Aún en edad de jugar (24 años) Mathieu Van der Poel es pura fantasía encima de la bicicleta, un niño travieso que con sus pantalones cortos ha irrumpido de repente en una fiesta de señores mayores vestidos todos de impecable etiqueta. Ajeno de lo que discuten, Mathieu corre, brinca, cae, se levanta y sonríe, en definitiva se divierte con lo que hace. El holandés está aportando toques de poesía ante el ensayo científico que se ha convertido el ciclismo en los últimos años. El holandés es un exceso de ingenio y creatividad que corre guiado por la ley de sus propios impulsos sin otra regla que la improvisación, fiándose de su intuición, a ratos con desorden, con violencia en ocasiones, y alejado siempre de la cautela que ordenan los directores más conservadores. Mathieu es la realidad que más se acerca a la utopía. Una exageración en todos los sentidos.
Dominador absoluto de la temporada de cyclo-cross (ha ganado 32 de las 34 carreras que ha disputado), el hijo de Adrie Van der Poel y nieto de Poulidor, ha puesto en evidencia muchas de las leyes del ciclismo en solo una semana que ha disputado sus tres primeras carreras del World Tour (Gante-Wevelgen 4º, A Través de Flandes 1º y Tour de Flandes 4º). Ante esos resultados, el rendimiento exhibido y sobre todo gracias al desparpajo de sus acciones, los aficionados se han dado cuenta que existe otra dimensión más allá de lo que nos hemos acostumbrado. Se ha comprobado que en el ciclismo metódico y calculador impuesto por el sistema, aún hay espacio para la aventura y el riesgo, y que además resulta mucho más excitante y no tiene por que ser una apuesta perdedora. Hasta ahora a ningún favorito se le ocurriría comenzar a atacar en solitario a falta de 40, 50 o 70 kilómetros como lo hizo Mathieu en el G.P. de Denain o en la carrera A Través de Flandes. Lo primero que hacen todos es poner a tirar a sus equipos y reducir su protagonismo a unos pocos kilómetros. Mathieu no puede permitirse ese lujo porque sencillamente no tiene equipo y ha demostrado que tampoco es un factor decisivo como se pregona en demasiadas ocasiones. Lejos de lamentarse por ello se inventa sus propias alternativas que normalmente pasan por el ataque.

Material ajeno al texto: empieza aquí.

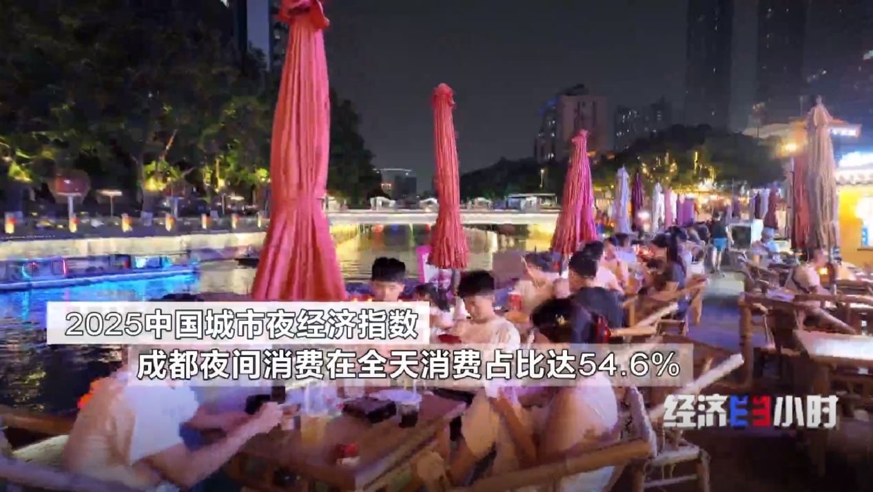 据2025中国城市夜经济指数,成都夜间消费在全天消费占比达54.6%,全国最高;夜间餐饮消费占全天比重为51.8%,位列全国第二。今年,四川将打造20个“不夜地标”和100个“夜经济集聚区”,并以“夜经济”为牵引,推动“夜游、夜购、夜展、夜娱”串珠成链,助力夜间经济发展。
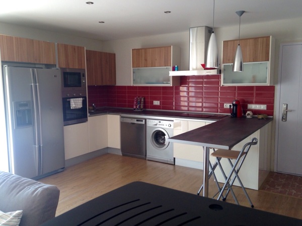 Son azulejos biselados de 30x10, muy fáciles de limpiar y se pegaron a la pared una vez finalizada la cocina. En blanco brillo también dan un muy buen resultado, y si cogieras unas baldosas mas blancas satinadas quizás las salpicaduras se verían más.
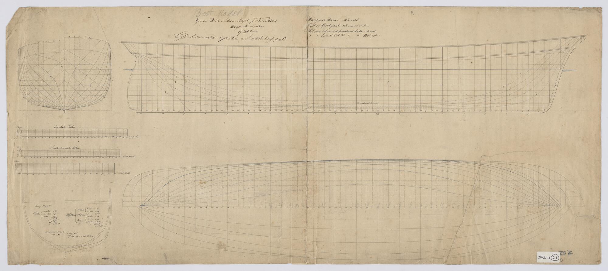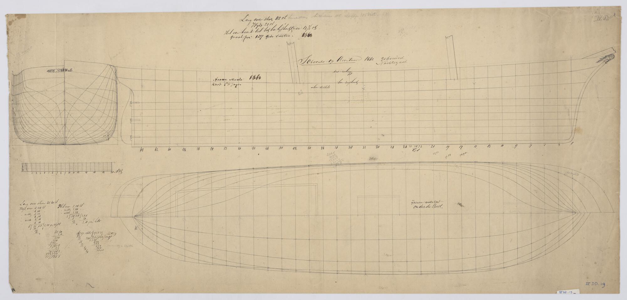 Zijaanzicht, bovenaanzicht, waterlijnen, spantenraam...

Cualquiera que en el Tour de Flandes se hubiera dado el trompazo que ayer se dio el holandés hubiera echado la toalla o incluso hubiera tenido el pretexto perfecto para retirarse de la contienda porque pocos podrían imaginar que, lanzada la carrera, podría recuperar el tiempo perdido, más de un minuto. Van der Poel no sólo enlazó con el grupo de cabeza tras casi 20 kilómetros de persecución en solitario, si no que en un alarde de recuperación y de fuerzas, se permitió el lujo de coronar el Patenberg, el último repecho de la carrera, por delante de todos los favoritos y solo por detrás de Alberto Bettiol que se había marchado poco antes de forma fulgurante a por la victoria, la primera en el campo profesional, algo también realmente llamativo.
Ante el alucinante rendimiento de Van der Poel y la sensación que está causando, todo el mundo ha comenzado a compararlo con su padre, Adrie, y su abuelo, Raymond Poulidor. Tratándose de un prodigio ningún pronóstico sería desmesurado, pero de momento Mathieu está aportando mucho más que unos resultados deslumbrantes, la evidencia de que el ciclismo nunca debería dejar de ser un juego, y si es de niños como él mejor.